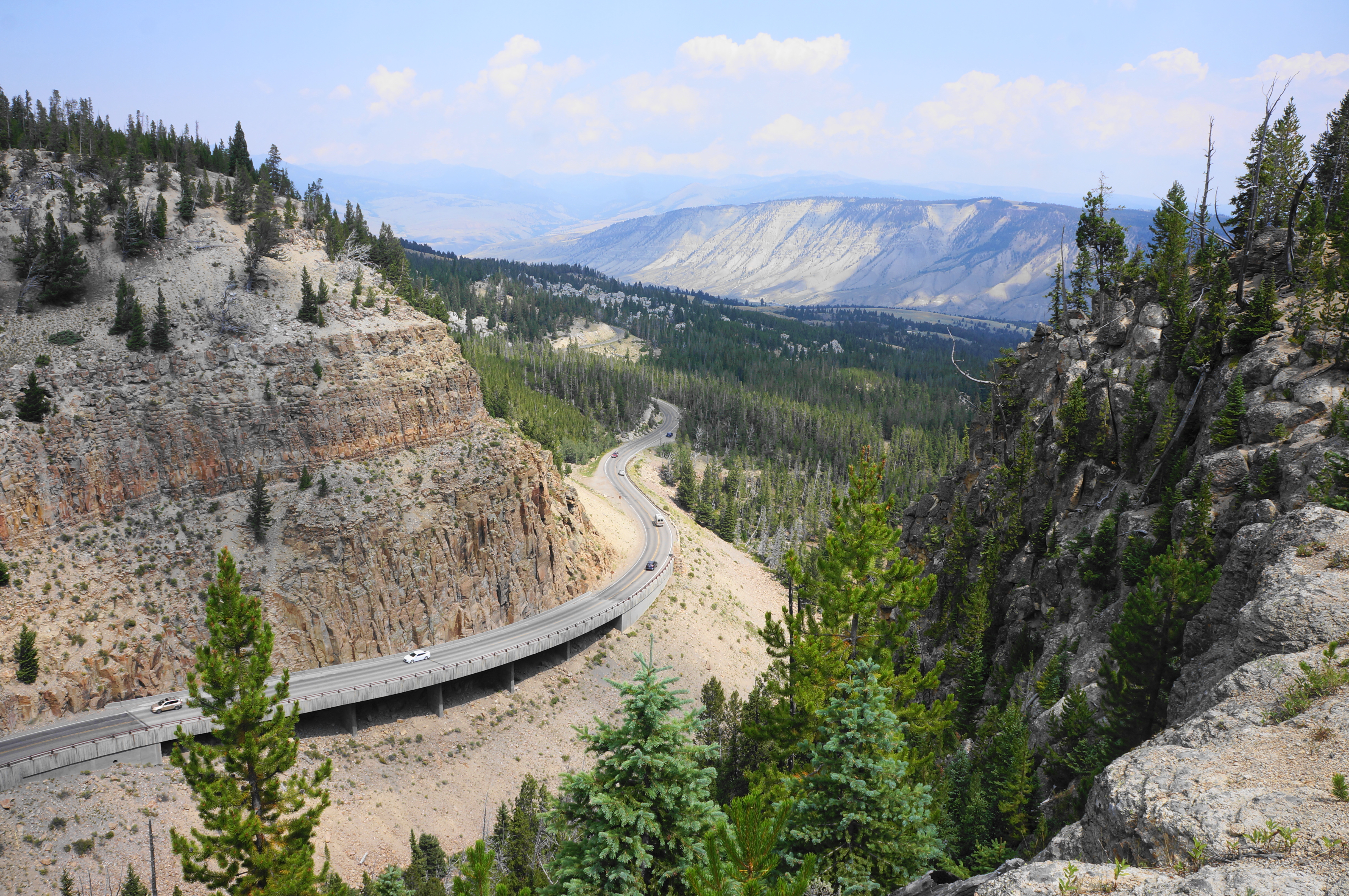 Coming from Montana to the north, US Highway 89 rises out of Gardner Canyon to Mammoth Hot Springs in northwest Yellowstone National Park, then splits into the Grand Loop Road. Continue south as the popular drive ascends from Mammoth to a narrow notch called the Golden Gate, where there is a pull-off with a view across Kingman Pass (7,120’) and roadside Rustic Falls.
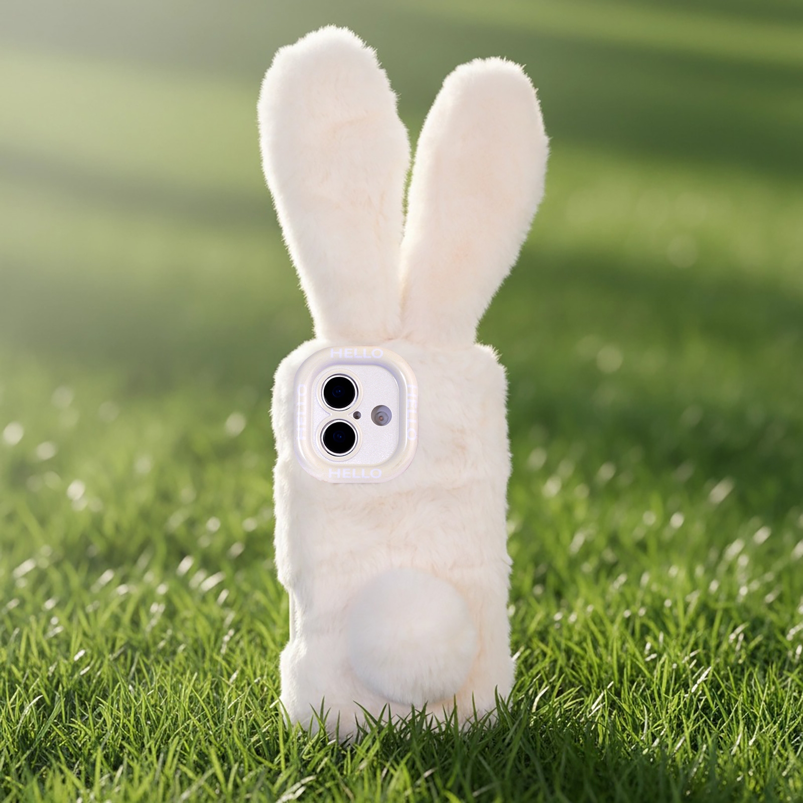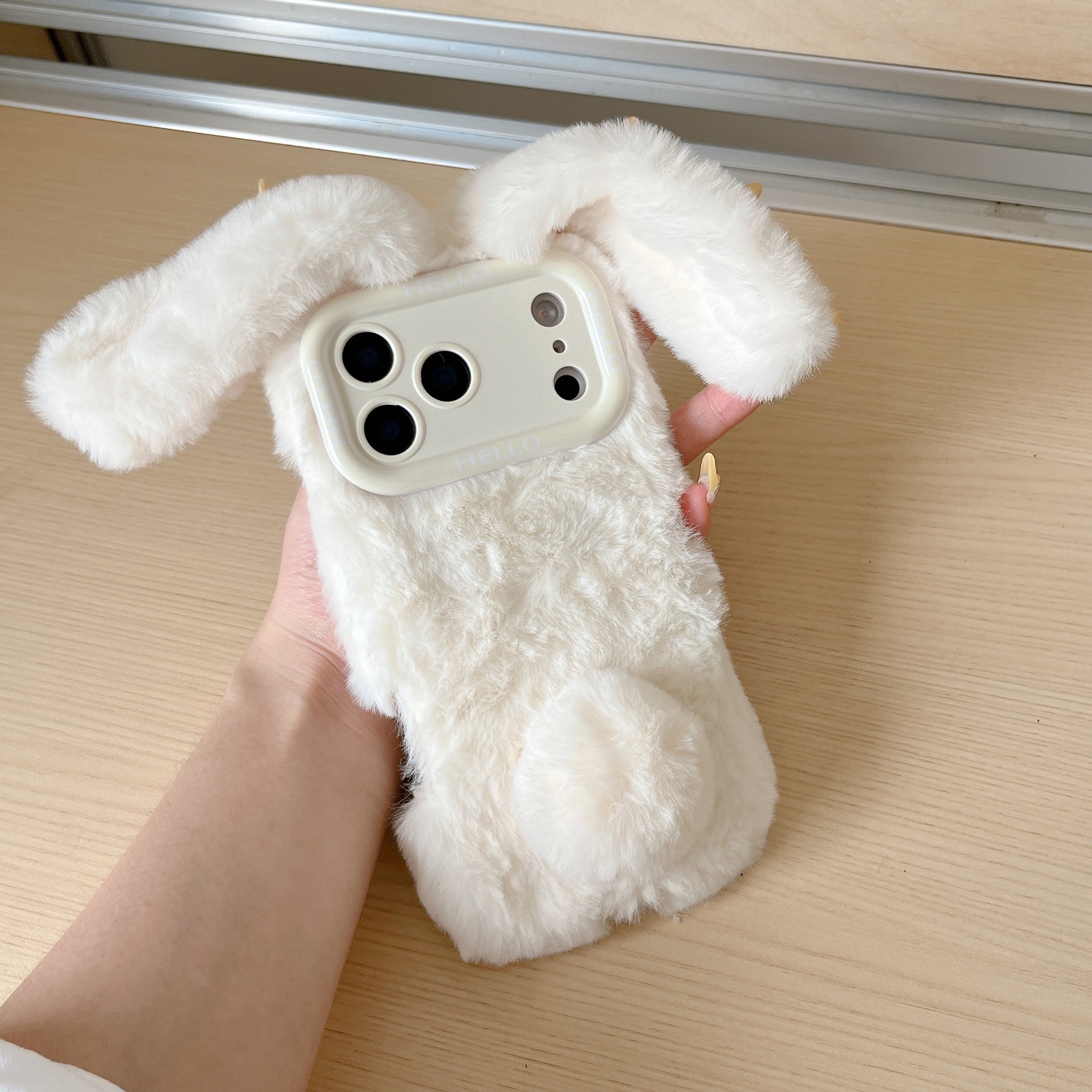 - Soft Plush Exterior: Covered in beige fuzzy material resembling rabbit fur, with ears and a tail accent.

---

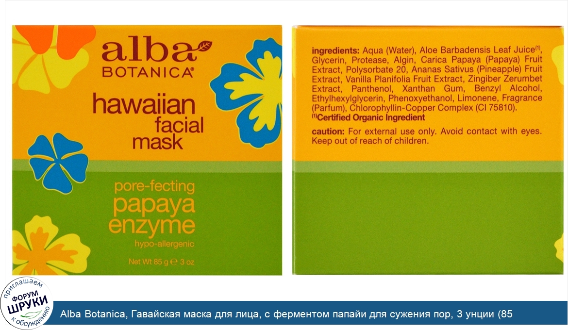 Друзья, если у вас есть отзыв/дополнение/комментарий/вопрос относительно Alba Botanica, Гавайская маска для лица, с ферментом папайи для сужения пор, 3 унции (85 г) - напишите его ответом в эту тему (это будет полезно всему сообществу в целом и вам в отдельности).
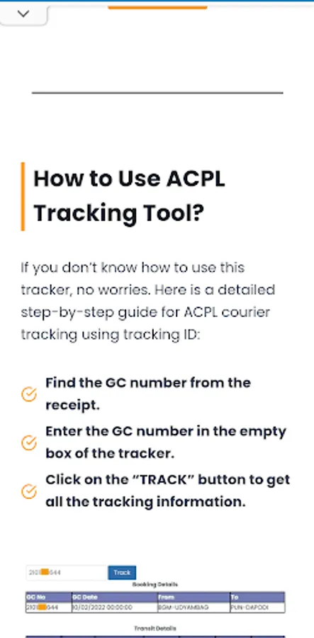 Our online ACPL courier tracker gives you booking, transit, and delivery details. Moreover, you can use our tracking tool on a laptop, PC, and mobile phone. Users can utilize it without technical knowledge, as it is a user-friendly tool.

WHAT NEEDS TO BE DONE | For this exercise, set down the lines in the entries above from the one with "Coming from Montana" through the one with "- Soft Plush" exactly as written, without any pictures.

TASK RESPONSE |
 Coming from Montana to the north, US Highway 89 rises out of Gardner Canyon to Mammoth Hot Springs in northwest Yellowstone National Park, then splits into the Grand Loop Road. Continue south as the popular drive ascends from Mammoth to a narrow notch called the Golden Gate, where there is a pull-off with a view across Kingman Pass (7,120’) and roadside Rustic Falls.
 - Soft Plush Exterior: Covered in beige fuzzy material resembling rabbit fur, with ears and a tail accent.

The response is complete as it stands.